The flames all began to die down, and the fiery enemies seemed confused. Shamira finally allowed herself to shift, her body stretching and smoking and growing until the last Moon Dragon stood in the clearing.
“He is yours,” Banshee said, looking at the vanquished foe kneeling on the ground.
Shamira’s dragon jaws lunged forward and caught Jonas around the midsection, then she swung his flailing legs around to face Aodh. The small dragon recognized the smell of the man and remembered what had been done to it. Aodh grabbed those legs with its mouth, and the two dragons ripped the would-be conqueror in half.
“That,” started a voice from the pond, “was intense!” Samantha stood naked in the water, watching her sister eat a vampire. She looked a little . . . shocked.
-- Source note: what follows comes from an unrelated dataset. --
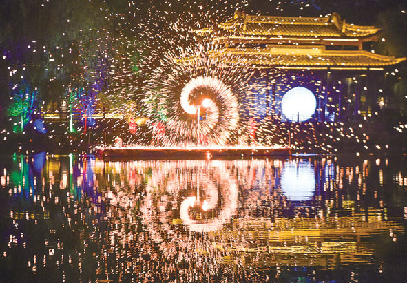 ▲9月29日,民間藝人在江蘇省鎮江句容市寶華山國家森林公園表演打鐵花,歡度佳節。新華社發(鐘學滿攝)
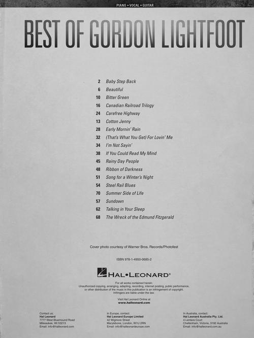 Best of Gordon LightfootPublisher: Hal LeonardCategory: Keyboard & Piano/Vocal/GuitarSeries: Piano/Vocal/Guitar Artist SongbookFormat: Softcover18 of the best-loved songs from this legendary folk rock singer/songwriter are presented for piano, voice and guitar: Carefree Highway · Early Mornin' Rain...Regular price $29.99 -

Shamira looked at her sister who had just been put in mortal danger because of her proximity to the dragon-vamp, then at Aodh, which she had failed to protect. Even now, the young dragon was winding its way around Shamira’s feet, trying to take comfort from her.
* Samantha, are you okay? *
Samantha blanched. “My sister just . . . ate that . . . oh dear,” she said, then did what most sensible human women would do in her situation. She passed out. ‘I suck at being a dragon!’ Shamira thought again angrily. And then she saw Clara floating face up in the water, and her giant heart almost broke. She reached out with a giant claw to lift her lover from the water, but she started to move towards the show, propelled by an unseen force. Smaller dragons started poking their heads up above the water to look about, but it was Jormungandr who was pushing Clara. A quick scan of the beast’s mind showed that it did not understand exactly why Clara was important, only that she was important to the great beast.